TASK TO COMPLETE -> Pictures stay out; everything else in the records below is to be repeated exactly.

DATA TO PROCESS ->
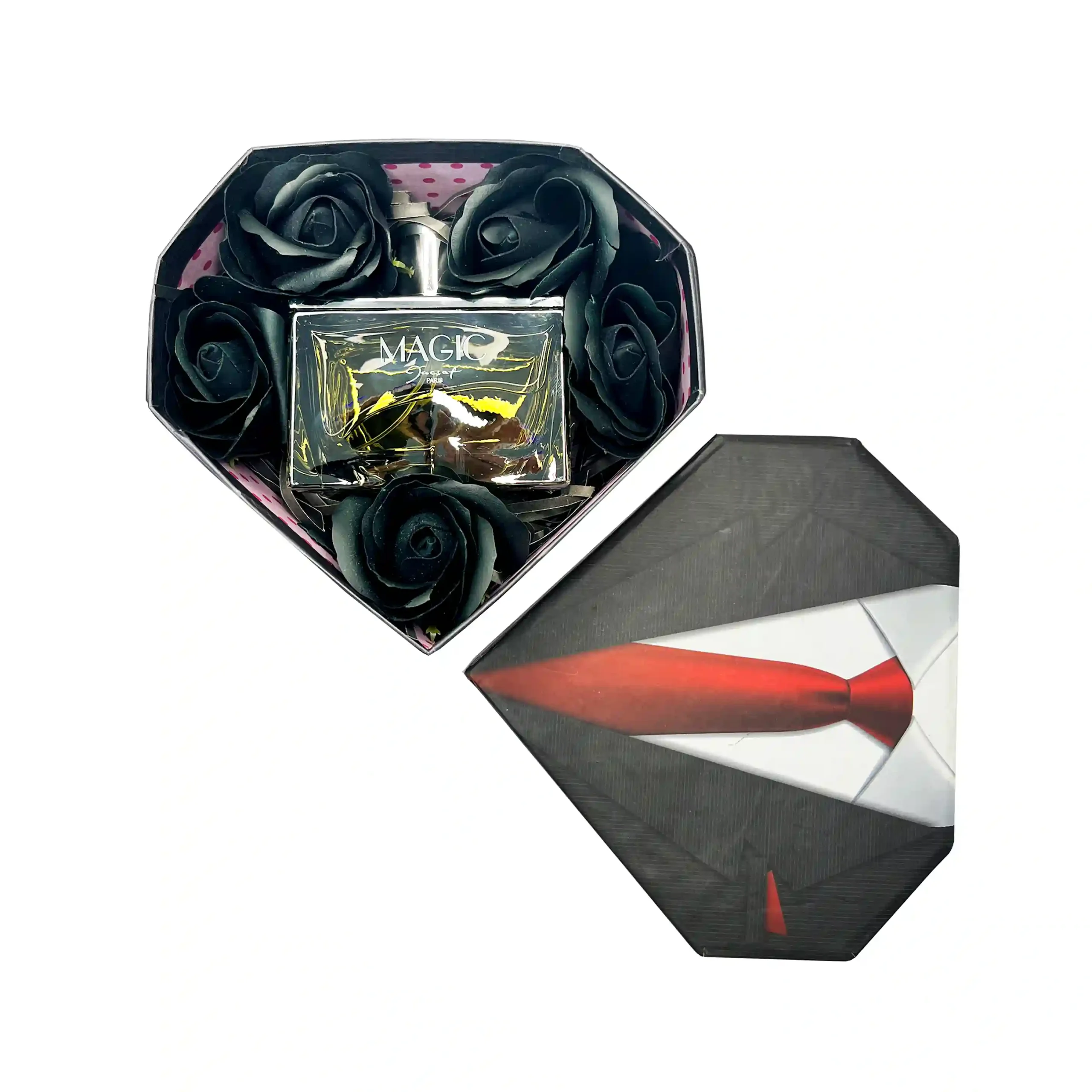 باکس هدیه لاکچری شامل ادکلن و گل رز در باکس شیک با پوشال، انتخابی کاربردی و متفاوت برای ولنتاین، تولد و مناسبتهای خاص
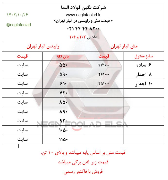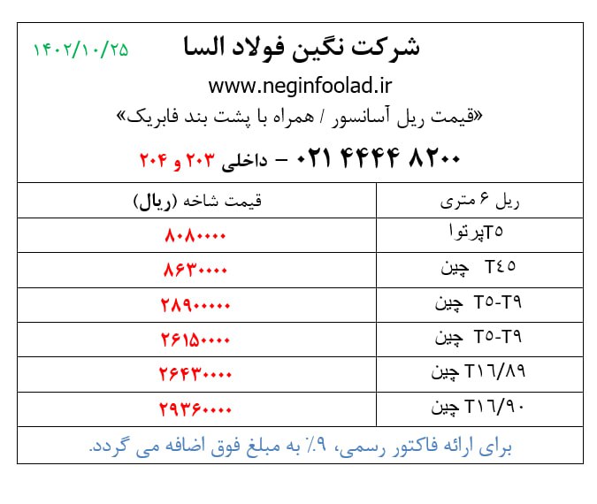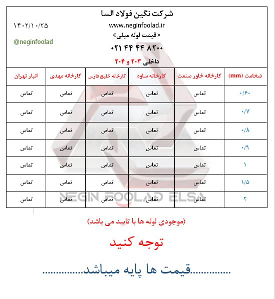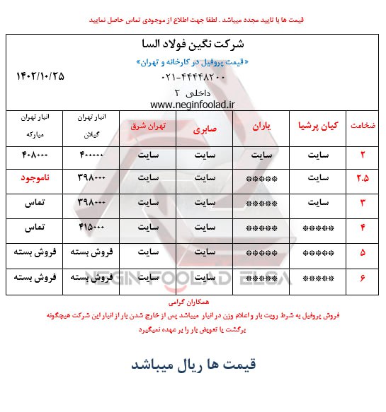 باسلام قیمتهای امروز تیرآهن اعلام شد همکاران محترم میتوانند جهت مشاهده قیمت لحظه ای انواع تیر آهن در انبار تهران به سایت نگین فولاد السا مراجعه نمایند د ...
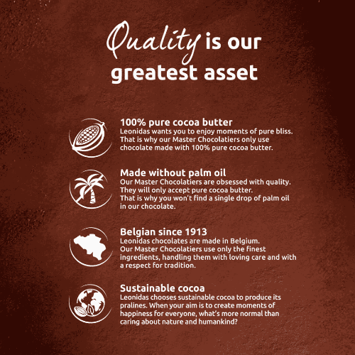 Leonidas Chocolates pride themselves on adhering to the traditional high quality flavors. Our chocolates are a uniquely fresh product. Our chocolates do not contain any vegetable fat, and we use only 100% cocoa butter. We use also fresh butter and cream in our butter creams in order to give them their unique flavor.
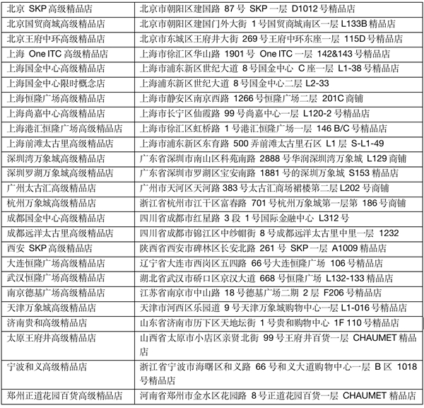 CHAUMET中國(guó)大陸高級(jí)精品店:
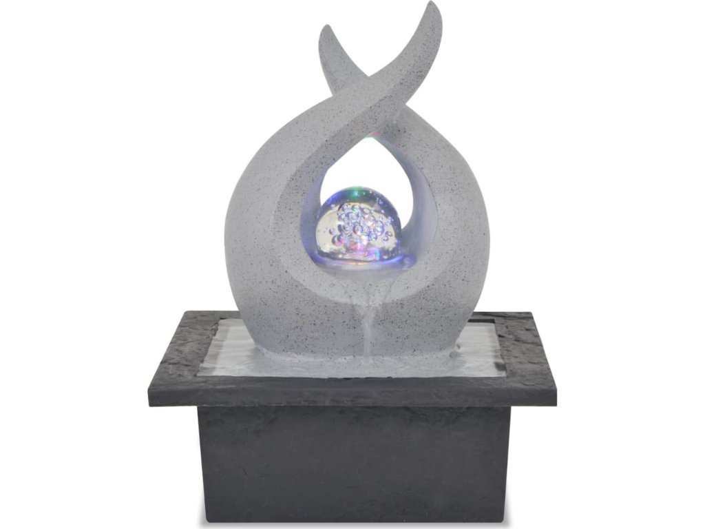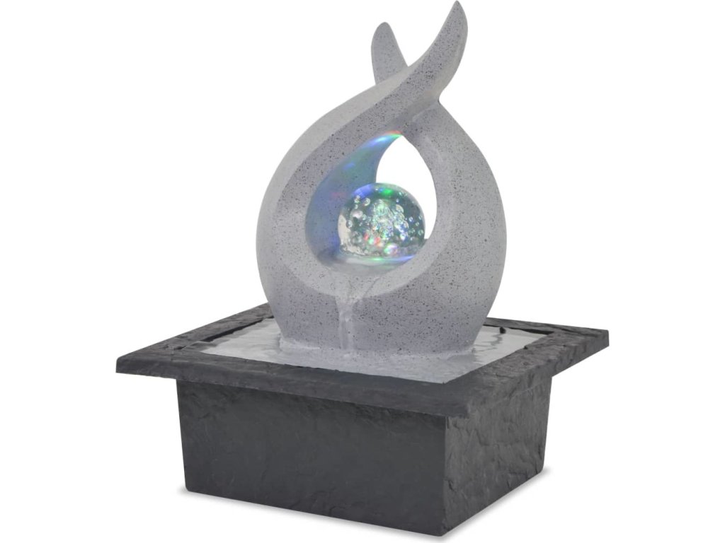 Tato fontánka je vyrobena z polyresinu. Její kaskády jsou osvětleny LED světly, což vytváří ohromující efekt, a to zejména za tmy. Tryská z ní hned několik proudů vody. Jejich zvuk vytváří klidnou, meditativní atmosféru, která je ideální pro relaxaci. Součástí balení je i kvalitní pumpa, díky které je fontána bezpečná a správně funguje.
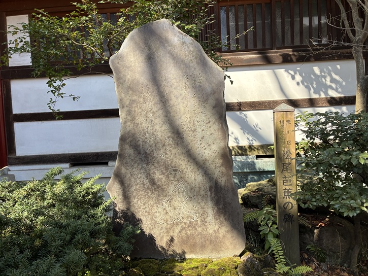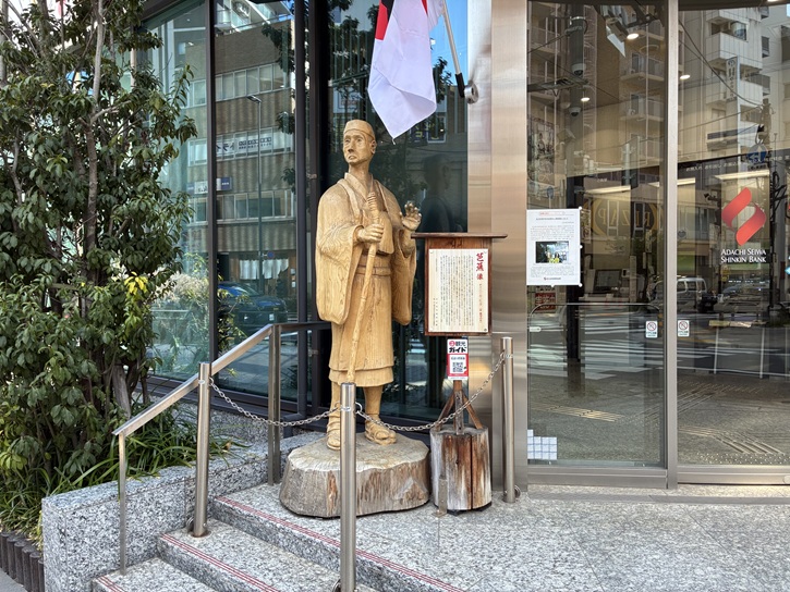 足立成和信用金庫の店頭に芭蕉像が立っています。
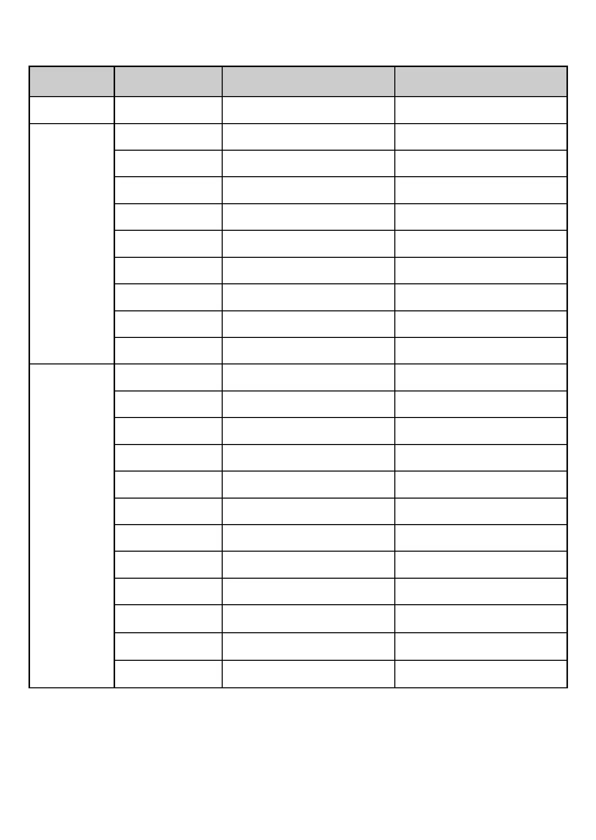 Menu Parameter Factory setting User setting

REPLY ->
 باکس هدیه لاکچری شامل ادکلن و گل رز در باکس شیک با پوشال، انتخابی کاربردی و متفاوت برای ولنتاین، تولد و مناسبتهای خاص
 باسلام قیمتهای امروز تیرآهن اعلام شد همکاران محترم میتوانند جهت مشاهده قیمت لحظه ای انواع تیر آهن در انبار تهران به سایت نگین فولاد السا مراجعه نمایند د ...
 Leonidas Chocolates pride themselves on adhering to the traditional high quality flavors. Our chocolates are a uniquely fresh product. Our chocolates do not contain any vegetable fat, and we use only 100% cocoa butter. We use also fresh butter and cream in our butter creams in order to give them their unique flavor.
 CHAUMET中國(guó)大陸高級(jí)精品店:
 Tato fontánka je vyrobena z polyresinu. Její kaskády jsou osvětleny LED světly, což vytváří ohromující efekt, a to zejména za tmy. Tryská z ní hned několik proudů vody. Jejich zvuk vytváří klidnou, meditativní atmosféru, která je ideální pro relaxaci. Součástí balení je i kvalitní pumpa, díky které je fontána bezpečná a správně funguje.
 足立成和信用金庫の店頭に芭蕉像が立っています。
 Menu Parameter Factory setting User setting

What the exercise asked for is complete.